Barrio of Puerto Rico

Cerro Gordo is a barrio in the municipality of Añasco, Puerto Rico. Its population in 2010 was 497.

==History==
Cerro Gordo was in Spain's gazetteers until Puerto Rico was ceded by Spain in the aftermath of the Spanish–American War under the terms of the Treaty of Paris of 1898 and became an unincorporated territory of the United States. In 1899, the United States Department of War conducted a census of Puerto Rico finding that the combined population of Cerro Gordo and Corcovada barrios was 1,159.

Historical population
| Census | Pop. | Note | %± |
| 1910 | 785 |  | — |
| 1920 | 721 |  | −8.2% |
| 1930 | 488 |  | −32.3% |
| 1940 | 571 |  | 17.0% |
| 1950 | 536 |  | −6.1% |
| 1960 | 503 |  | −6.2% |
| 1970 | 367 |  | −27.0% |
| 1980 | 414 |  | 12.8% |
| 1990 | 402 |  | −2.9% |
| 2000 | 411 |  | 2.2% |
| 2010 | 497 |  | 20.9% |
U.S. Decennial Census 1900 (N/A) 1910-1930 1930-1950 1980-2000 2010

==Sectors==
Barrios (which are, in contemporary times, roughly comparable to minor civil divisions) in turn are further subdivided into smaller local populated place areas/units called sectores (sectors in English).

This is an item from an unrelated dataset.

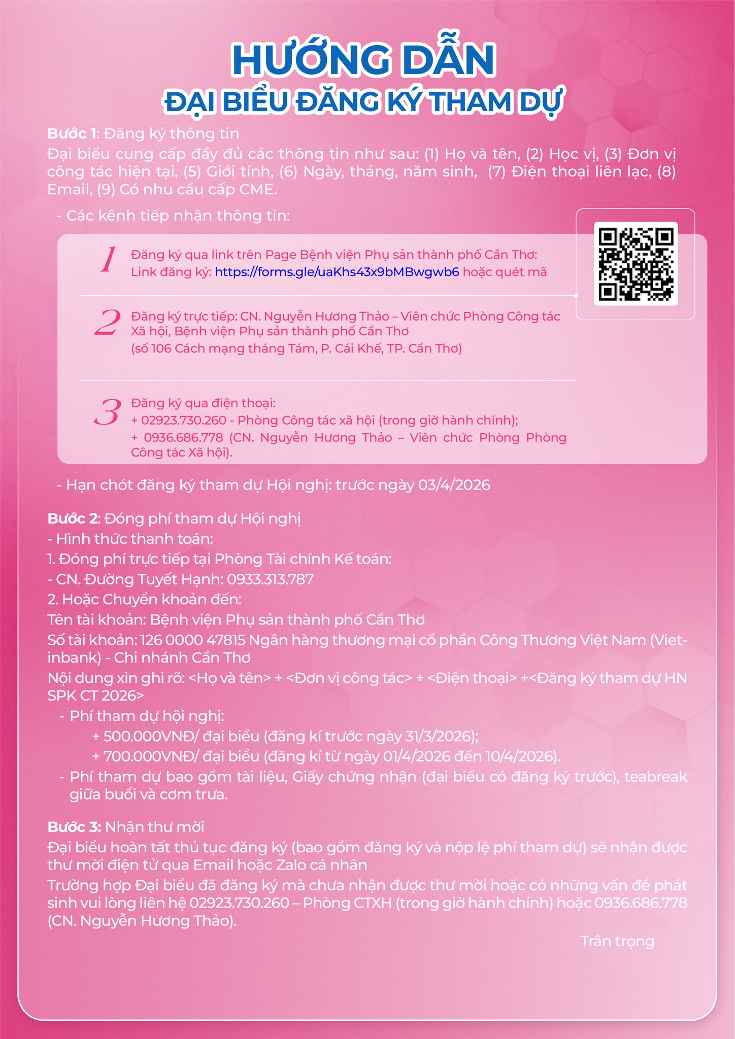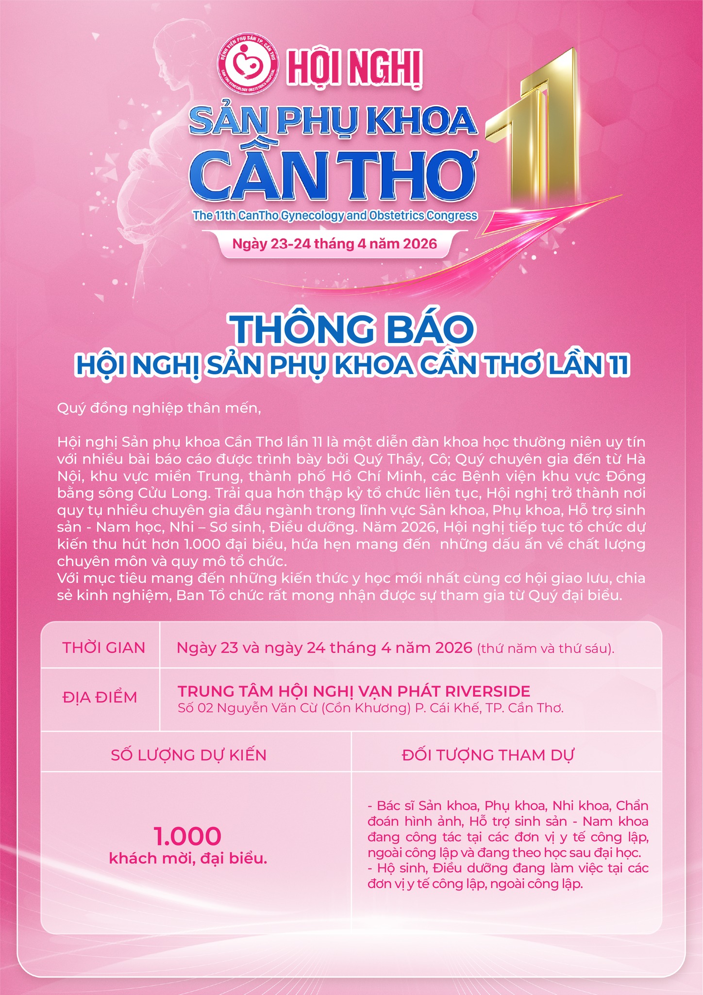 Bệnh viện Phụ sản thành phố Cần Thơ xin kính gửi Quý đồng nghiệp thông tin về Hội nghị Sản phụ khoa Cần Thơ lần thứ 11. Hội nghị thường niên hứa hẹn mang đến những dấu ấn về chất lượng chuyên môn và quy mô tổ chức.

The types of sectores may vary, from normally sector to urbanización to reparto to barriada to residencial, among others.

The following sectors are in Cerro Gordo barrio:

Camino Los Tres Reyes Magos, and Carretera 405.

==A "Special Community"==

In 2014, Cerro Gordo was one of the 742 places on the list of "Special Communities of Puerto Rico" Comunidades Especiales de Puerto Rico.